:: Task instructions ::
In the copy, include exactly the lines from the one with "인천 동구는 19일, 재능대학교" through the end of the data and no others, both ends kept, with every picture left out.

BEGIN Materials provided

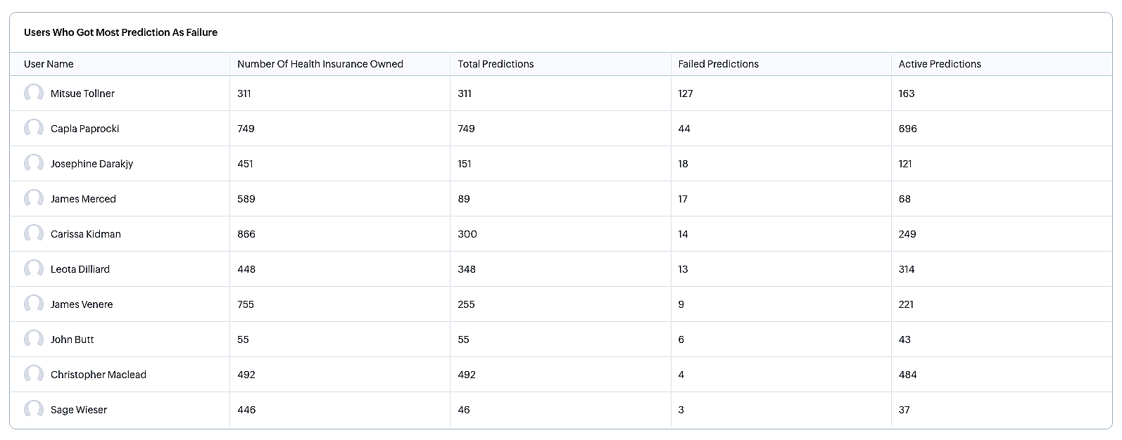 在此,Zia将以表格格式提供一份报表,其中包含它为CRM系统中的每个用户提供的所有预测总数、失败的预测数量和有效的预测数量。 这将帮助管理员级别的用户了解用户是如何处理商机的,并有助于更好地做出决策。 例如,如果Zia预测了一个特定商机的成功,但最终却失败了,那么管理人员就可以了解这种分析出了什么问题,甚至可以决定是否依赖这种预测。
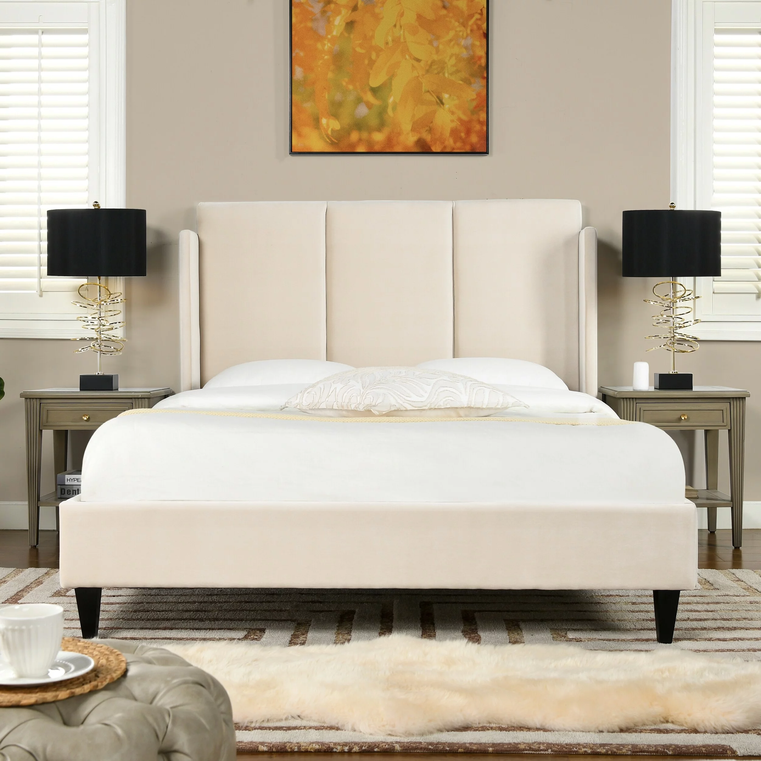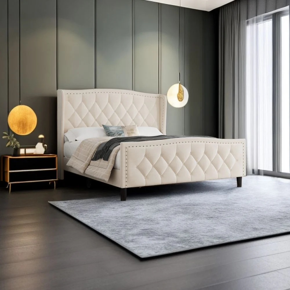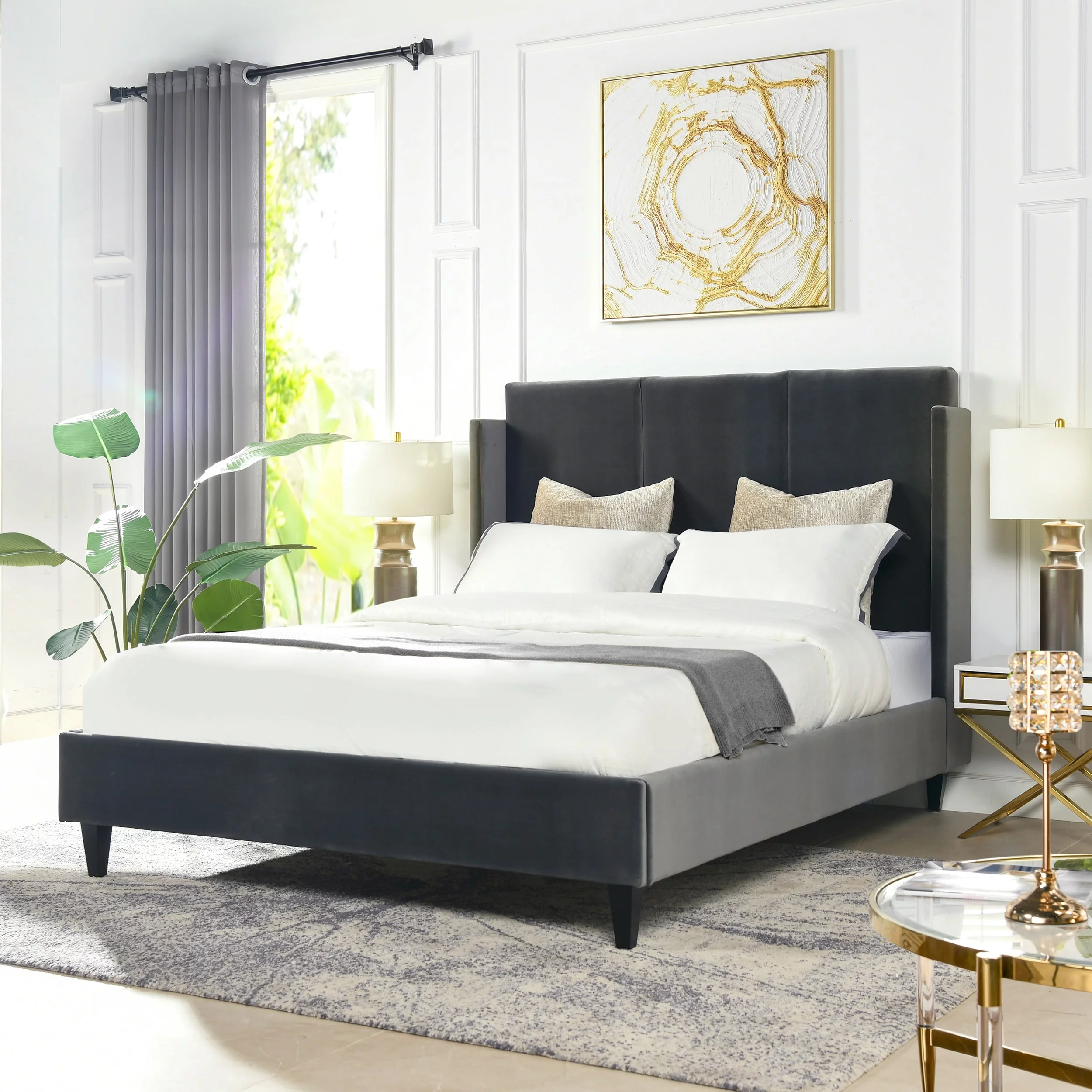 Adonis Tall Wingback Queen Platform Bed Frame Steel Gray Performance Velvet
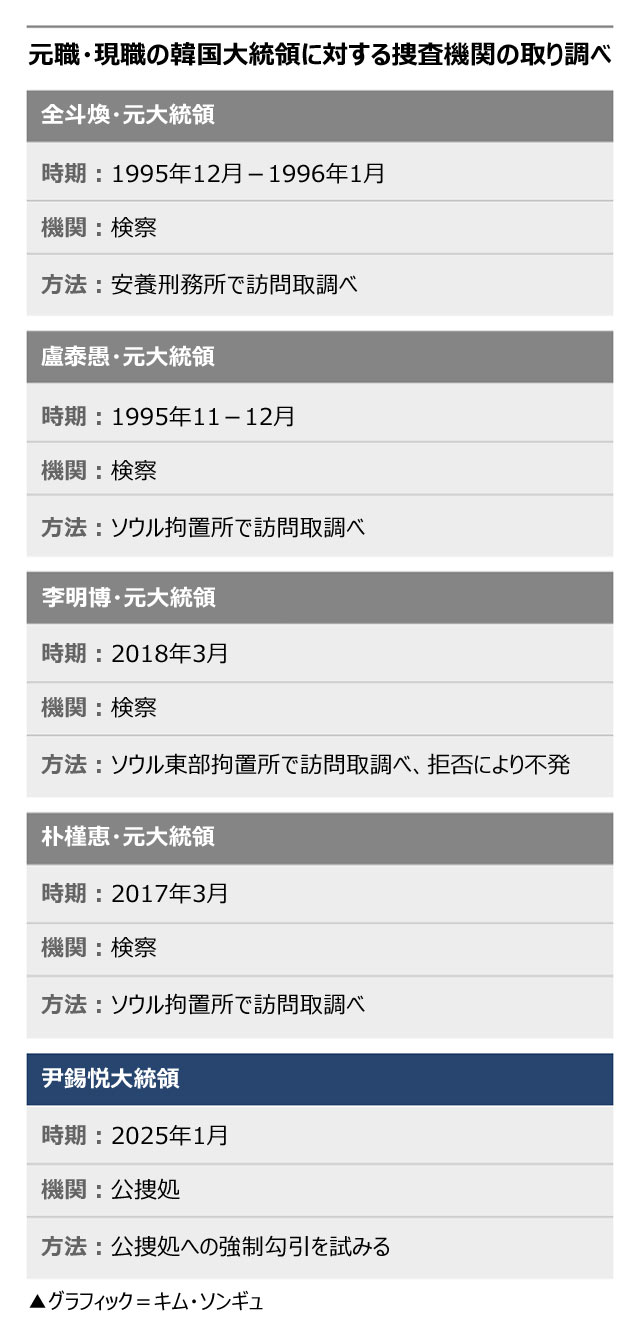 【グラフィック】元職・現職の大統領に対する韓国捜査機関の取り調べ
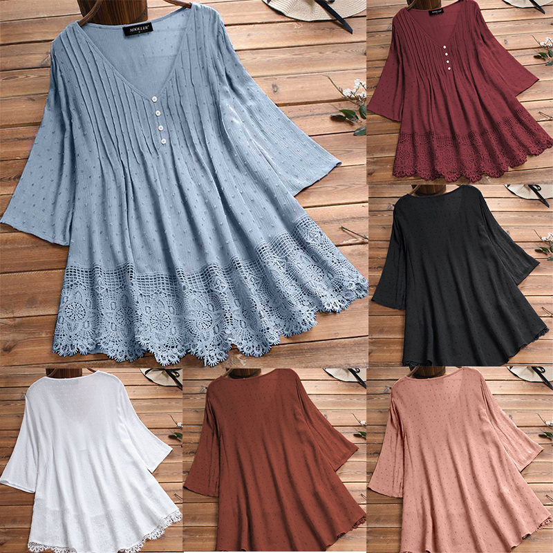 Casual T Shirt V Lace Long Sleeve Blouse Womens Summer Pullover Loose Tops
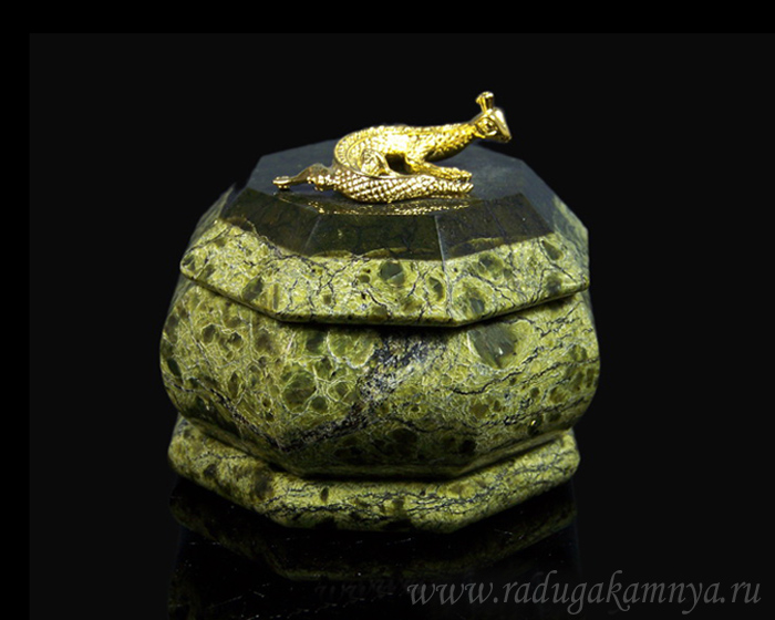 Шкатулка выполнена из змеевика и креноида.
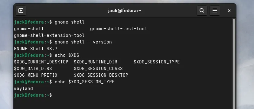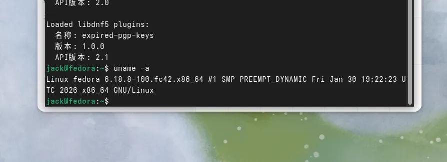 该命令执行后,系统自动重启,然后进入到自动升级安装的界面,还是什么都不需要做,只要等着就好了。开始出现更新进度,也许是因为要计算那么多软件包的兼容性和依赖问题,所以很慢,在0%的进度上停留了好一阵。之后也就不再盯着等了,让电脑自动升级即可。等过了一阵回来,系统更新已经完成了,尝试唤醒桌面,看到了用户登录的界面。登录之后,就自动进去的新的系统。升级到Fedora Linux 42以后,我发现电脑配置没有变化的情况下,桌面操作异常的流畅,没有出现花屏的情况。点击菜单和软件,启动也比较快。我查看了一下,好家伙,内核是最近才更新的6.18,1月30日打包的。桌面环境是GNOME 48,桌面协议是纯正Wayland。怪不得体验这么好,这其中DNF5的功劳应该也很大。Fedora Linux这种技术优先的体验感,真的挺好。总的来说,从40跳过41直接升级42,中途没有任何问题。没有依赖错误,没有异常。接下来再升级一下,就到最新的Fedora Linux 43了。不过看到Fedora Linux 42的这种使用效果,很推荐可以选这个版本作为Fedora工作站使用。
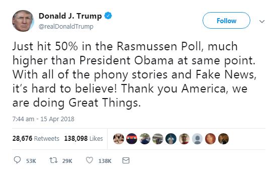 The study looked at every one of the 1,065 network evening news stories about Trump and his administration during the first four months of 2018. Total negative news time devoted to Trump: 1,774 minutes, or about one-third of all evening news airtime. That’s pretty much the definition of a circle jerk.
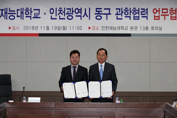 인천 동구는 19일, 재능대학교 회의실에서 재능대학과 상호 협력과 발전을 위한 관학 협약을 체결했다.
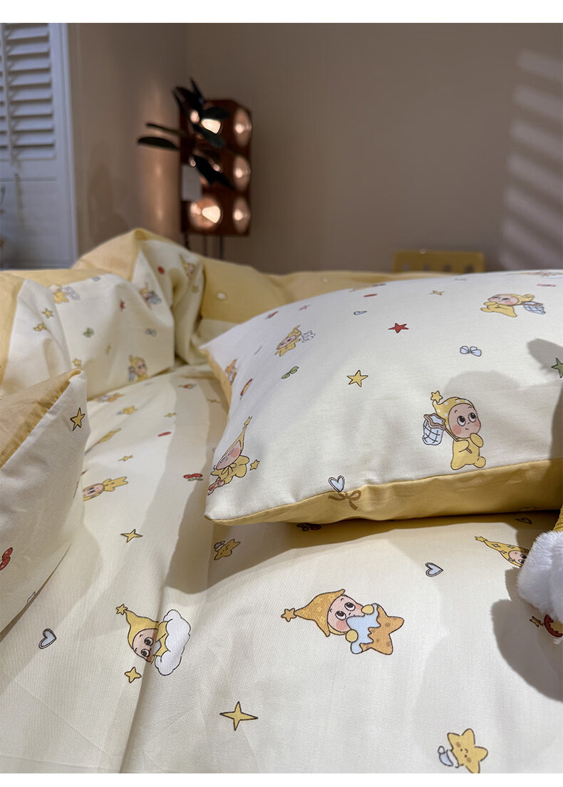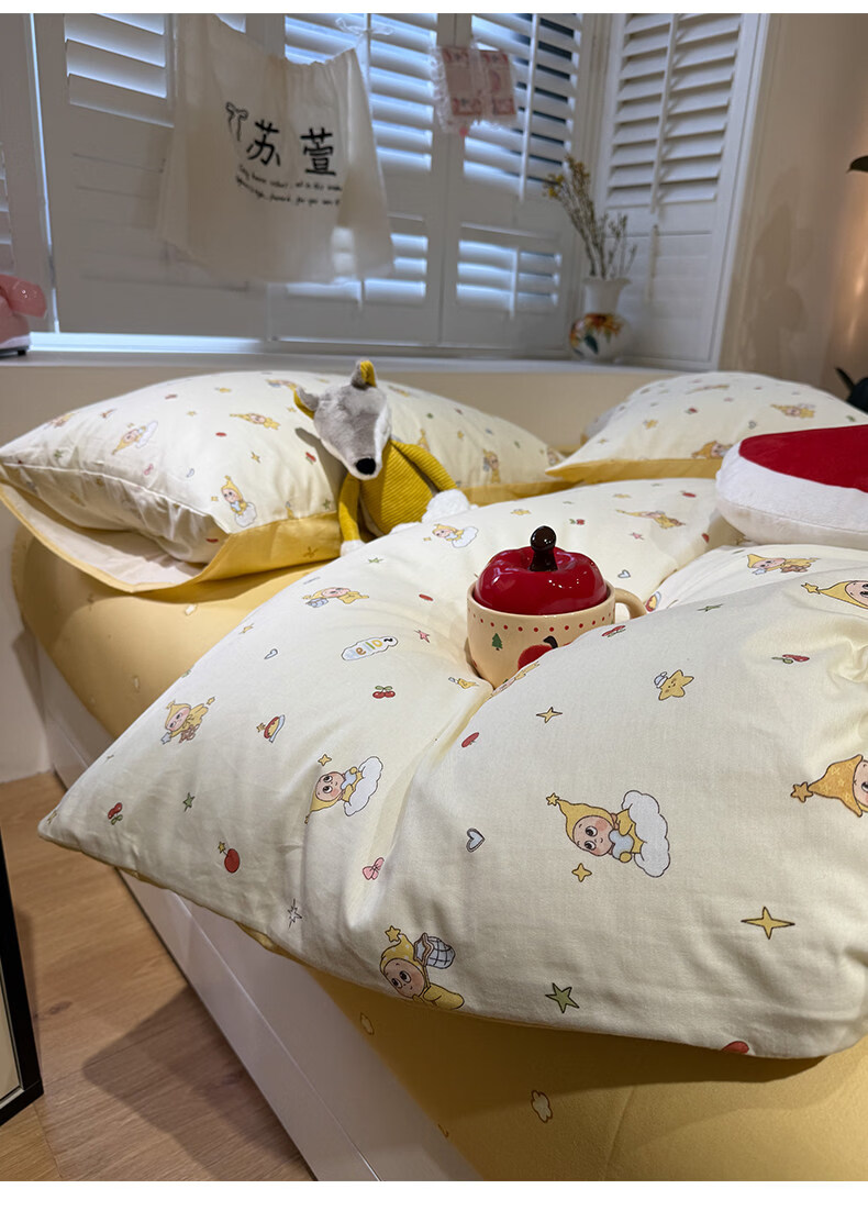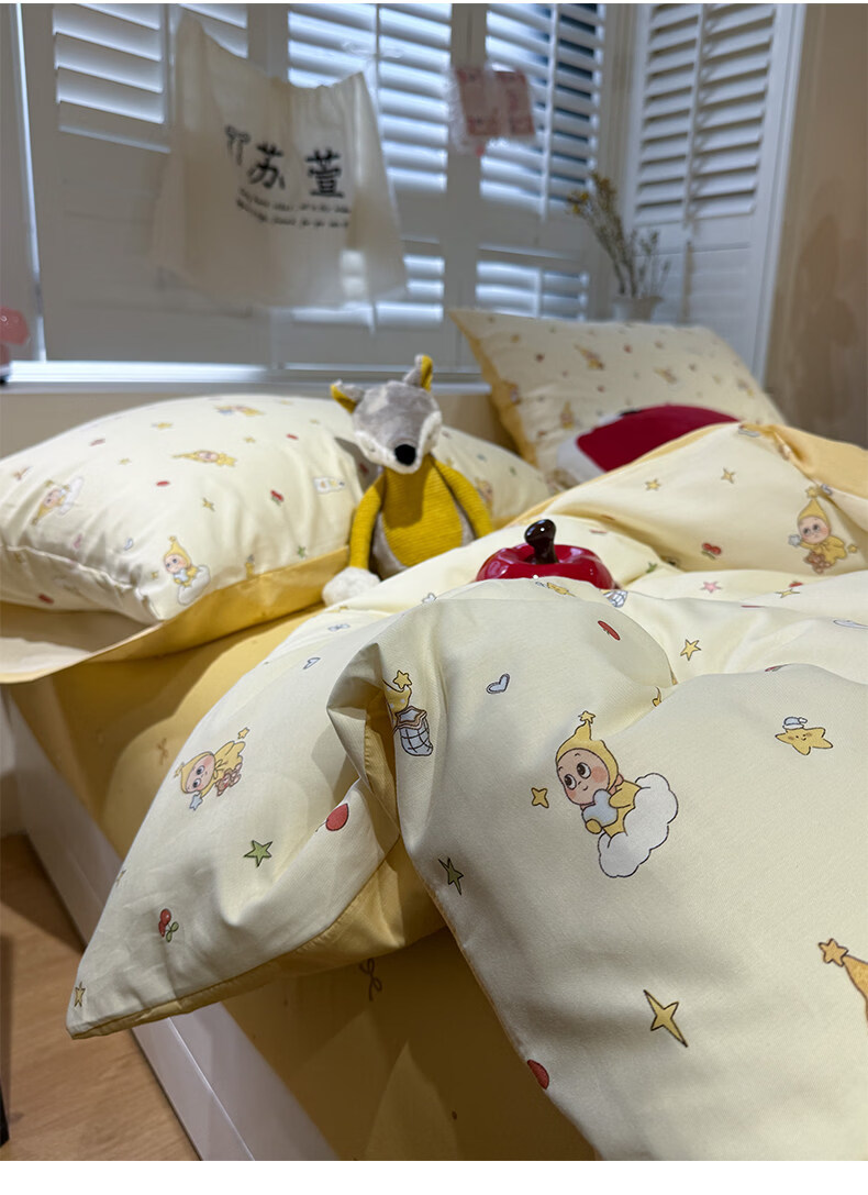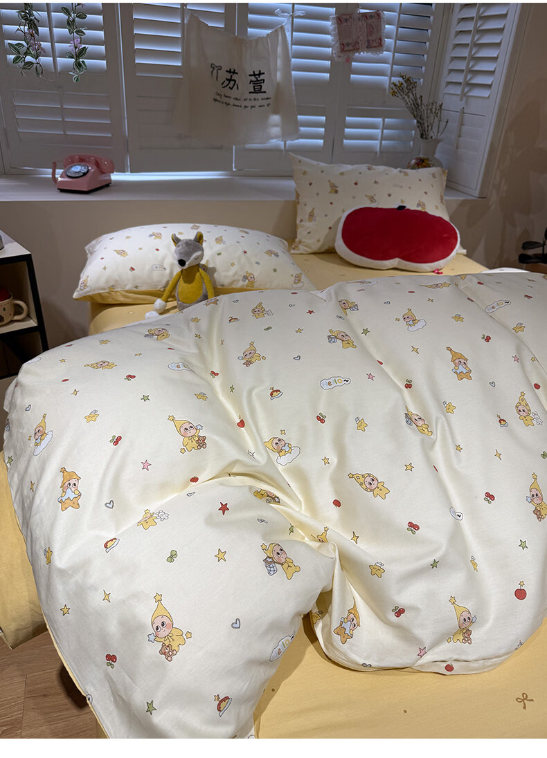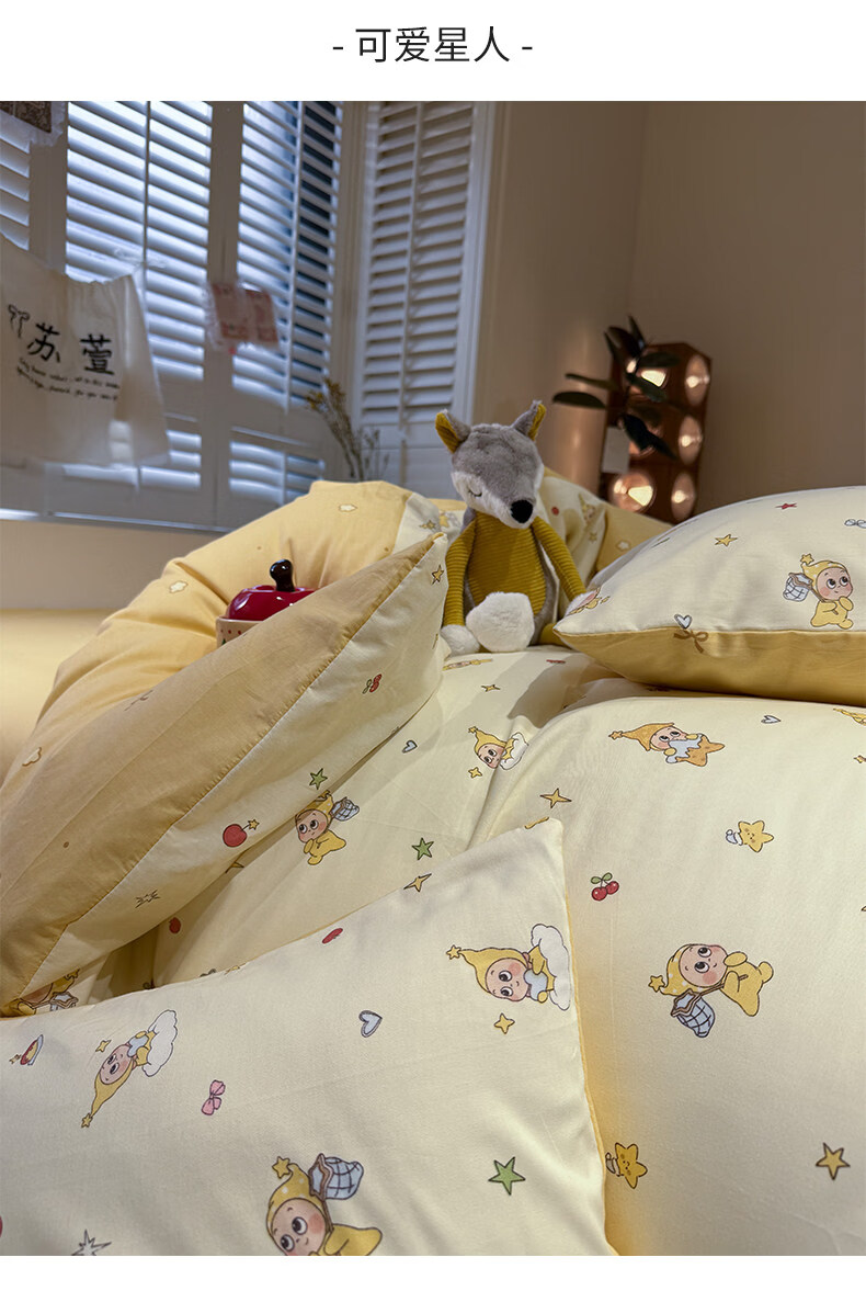 苏萱卡通纯棉床上四件套1.5m1.8米学生宿舍100全棉被套床单床品三件套 可爱星人 1.8m 床单款 四件套-被套200x230cm

END Materials provided

:: Solution to this problem ::
 인천 동구는 19일, 재능대학교 회의실에서 재능대학과 상호 협력과 발전을 위한 관학 협약을 체결했다.
 苏萱卡通纯棉床上四件套1.5m1.8米学生宿舍100全棉被套床单床品三件套 可爱星人 1.8m 床单款 四件套-被套200x230cm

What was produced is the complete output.